La loi de février 2005 implique que chaque élève reconnu en « situation de handicap » puisse bénéficier, au même titre que les autres jeunes de son âge, d’une véritable scolarité adaptée à ses besoins et ses difficultés.

Les modalités de déroulement de ce parcours font partie du « plan global de compensation » qui comprend, outre des mesures d’accompagnement, des aménagements matériels, la mise en place de médiations ou d’outils afin de compenser la réduction d’autonomie consécutive au handicap. À cet égard, les technologies numériques peuvent offrir un certain nombre d’outils intéressants et efficaces pour suppléer certaines incapacités ou optimiser des capacités altérées.

Cependant, ce qui fait la nouveauté principale de la loi de 2005, c’est qu’elle place le handicap moins du côté de l’enfant qui en est atteint que du côté du contexte qui fait obstacle à ses apprentissages.
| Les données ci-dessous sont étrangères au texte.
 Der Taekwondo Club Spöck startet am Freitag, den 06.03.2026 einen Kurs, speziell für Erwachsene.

L’équipe pédagogique doit faire en sorte de lever ces obstacles, ce qui nécessite de repenser contexte et situation d’apprentissage à partir d’une analyse fine des besoins pour construire les réponses adéquates : « l’accessibilité pédagogique » implique l’invention de scénarios adaptés par les professeurs. Là encore, les technologies numériques peuvent apporter un gain d’accessibilité non négligeable, comme le montrent les présentations qui vont suivre : il s’agit principalement d’alléger le coût cognitif des tâches ou des activités indispensables à la manifestation de compétences scolaires, pour que l’élève puisse concentrer son énergie sur des apprentissages de plus haut niveau, constituant le cœur de cible des enseignements. La numérisation des contenus, par ailleurs, qui se généralise, permet des adaptations multiples et différenciées, à partir d’outils très simples d’utilisation.
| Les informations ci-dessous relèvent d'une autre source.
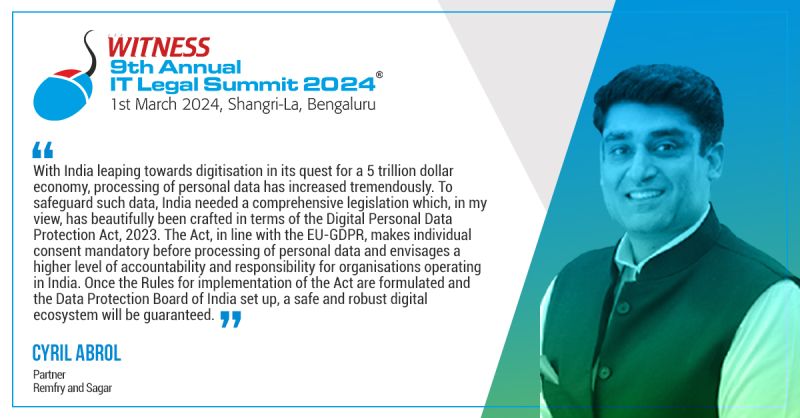 Cyril Abrol, Partner at Remfry & Sagar, spoke on India’s new data protection regime as a panelist at Lex Witness’ ๐Ÿต๐˜๐—ต ๐—”๐—ป๐—ป๐˜‚๐—ฎ๐—น ๐—œ๐—ง ๐—Ÿ๐—ฒ๐—ด๐—ฎ๐—น ๐—ฆ๐˜‚๐—บ๐—บ๐—ถ๐˜ ๐Ÿฎ๐Ÿฌ๐Ÿฎ๐Ÿฐ held on March 1 in Bengaluru. The panel discussion titled, “ARE YOU THEย NEW DATA DON? DATA PROTECTION IS THE NEW YOU” brought out many different perspectives – all eyes are now on the Rules that will give teeth to the legislation.

Mais pour l’élève handicapé, comme pour tout élève ordinaire, il n’y a pas d’outil ni de solution miracle : un outil n’a de valeur que s’il répond à des objectifs fixés dans le cadre d’une réflexion pédagogique en relation avec les élèves concernés. Ainsi, certaines nouveautés technologiques peuvent être préjudiciables à l’accessibilité quand elles rendent les gestes ou les activités plus confuses ou alourdissent la tâche. Il faut donc rester vigilant, et accompagner les usages par la formation et par la recherche. C’est bien, en effet, la mise en relation du diagnostic pédagogique effectué par l’enseignant avec les fonctionnalités repérées de l’outil qui peut conduire aux apprentissages et à la réussite de l’élève.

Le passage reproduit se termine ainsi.